TASK TO COMPLETE → Set down the data below from its first line to the line holding "This Buffalo Chicken", inclusive; omit all pictures.
DATA TO USE below:
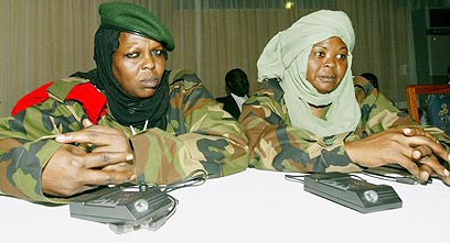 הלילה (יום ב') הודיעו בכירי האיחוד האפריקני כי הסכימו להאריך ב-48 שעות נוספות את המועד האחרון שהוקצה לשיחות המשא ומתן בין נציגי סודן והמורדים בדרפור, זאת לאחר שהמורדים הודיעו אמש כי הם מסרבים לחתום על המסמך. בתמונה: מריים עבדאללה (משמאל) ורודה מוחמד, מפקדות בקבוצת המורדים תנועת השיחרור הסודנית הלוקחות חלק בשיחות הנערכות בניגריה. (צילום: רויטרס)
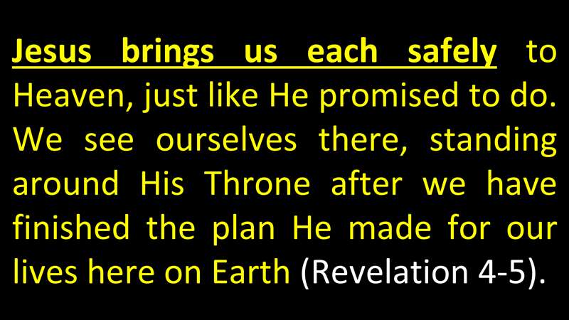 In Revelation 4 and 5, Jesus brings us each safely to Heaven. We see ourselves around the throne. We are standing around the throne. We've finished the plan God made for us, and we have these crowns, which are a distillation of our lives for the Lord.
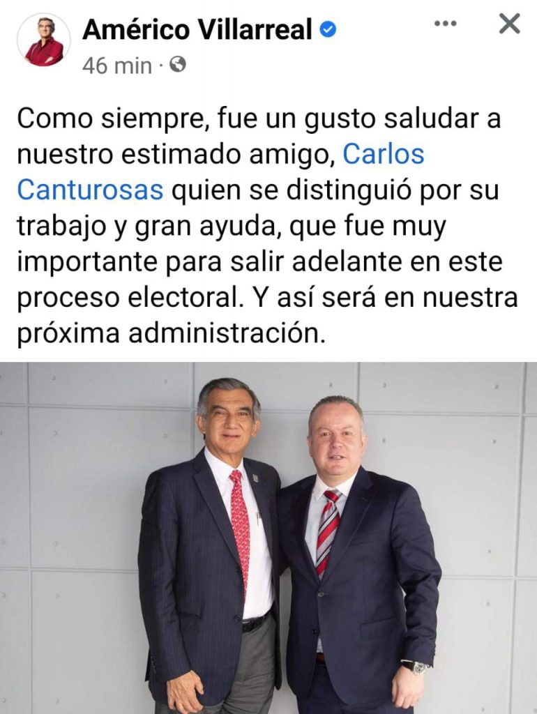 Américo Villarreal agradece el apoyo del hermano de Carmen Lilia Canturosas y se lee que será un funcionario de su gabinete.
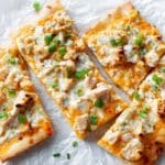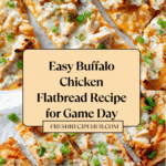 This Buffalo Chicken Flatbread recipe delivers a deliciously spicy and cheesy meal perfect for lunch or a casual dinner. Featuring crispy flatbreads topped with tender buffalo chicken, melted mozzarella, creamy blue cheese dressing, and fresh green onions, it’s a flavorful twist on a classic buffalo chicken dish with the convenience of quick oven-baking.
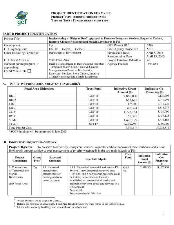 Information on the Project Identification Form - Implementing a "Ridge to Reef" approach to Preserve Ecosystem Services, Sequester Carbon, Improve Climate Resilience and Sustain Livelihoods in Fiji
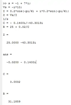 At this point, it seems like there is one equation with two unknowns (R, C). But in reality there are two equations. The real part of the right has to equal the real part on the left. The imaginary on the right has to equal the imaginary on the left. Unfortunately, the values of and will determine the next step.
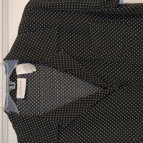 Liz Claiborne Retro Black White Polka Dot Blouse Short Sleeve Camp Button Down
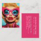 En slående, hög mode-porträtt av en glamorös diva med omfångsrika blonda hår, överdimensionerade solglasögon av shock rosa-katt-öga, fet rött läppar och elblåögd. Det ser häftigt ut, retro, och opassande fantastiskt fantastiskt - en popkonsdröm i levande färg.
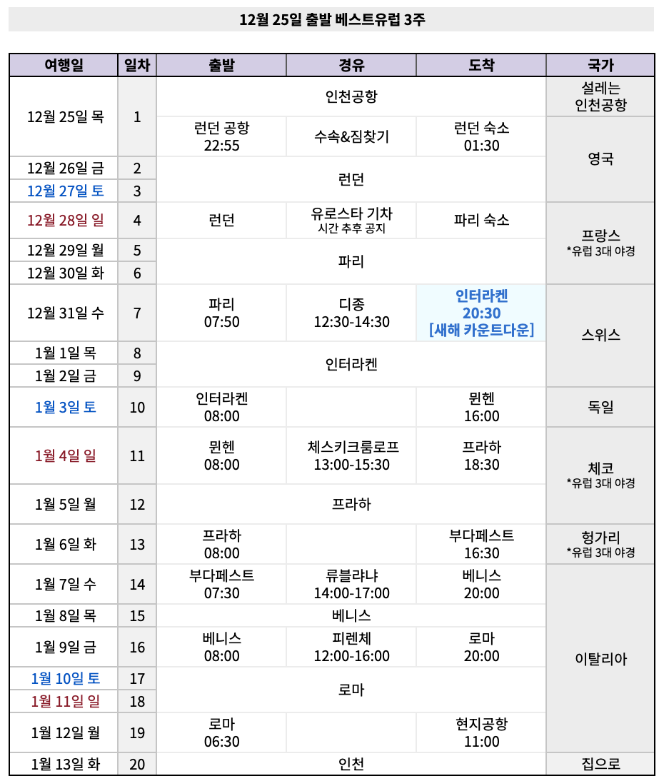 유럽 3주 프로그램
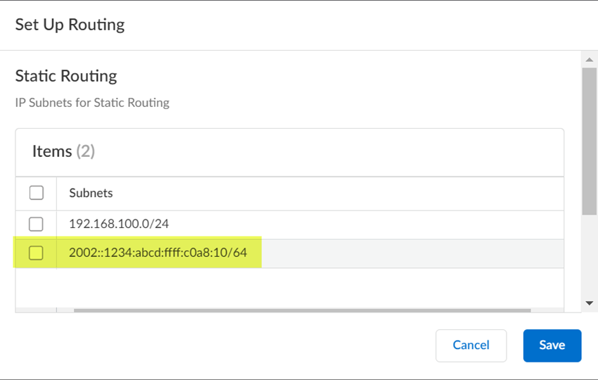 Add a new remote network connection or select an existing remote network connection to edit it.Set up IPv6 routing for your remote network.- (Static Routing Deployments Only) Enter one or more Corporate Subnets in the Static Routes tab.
End of DATA TO USE.
WRITTEN ANSWER →
 הלילה (יום ב') הודיעו בכירי האיחוד האפריקני כי הסכימו להאריך ב-48 שעות נוספות את המועד האחרון שהוקצה לשיחות המשא ומתן בין נציגי סודן והמורדים בדרפור, זאת לאחר שהמורדים הודיעו אמש כי הם מסרבים לחתום על המסמך. בתמונה: מריים עבדאללה (משמאל) ורודה מוחמד, מפקדות בקבוצת המורדים תנועת השיחרור הסודנית הלוקחות חלק בשיחות הנערכות בניגריה. (צילום: רויטרס)
 In Revelation 4 and 5, Jesus brings us each safely to Heaven. We see ourselves around the throne. We are standing around the throne. We've finished the plan God made for us, and we have these crowns, which are a distillation of our lives for the Lord.
 Américo Villarreal agradece el apoyo del hermano de Carmen Lilia Canturosas y se lee que será un funcionario de su gabinete.
 This Buffalo Chicken Flatbread recipe delivers a deliciously spicy and cheesy meal perfect for lunch or a casual dinner. Featuring crispy flatbreads topped with tender buffalo chicken, melted mozzarella, creamy blue cheese dressing, and fresh green onions, it’s a flavorful twist on a classic buffalo chicken dish with the convenience of quick oven-baking.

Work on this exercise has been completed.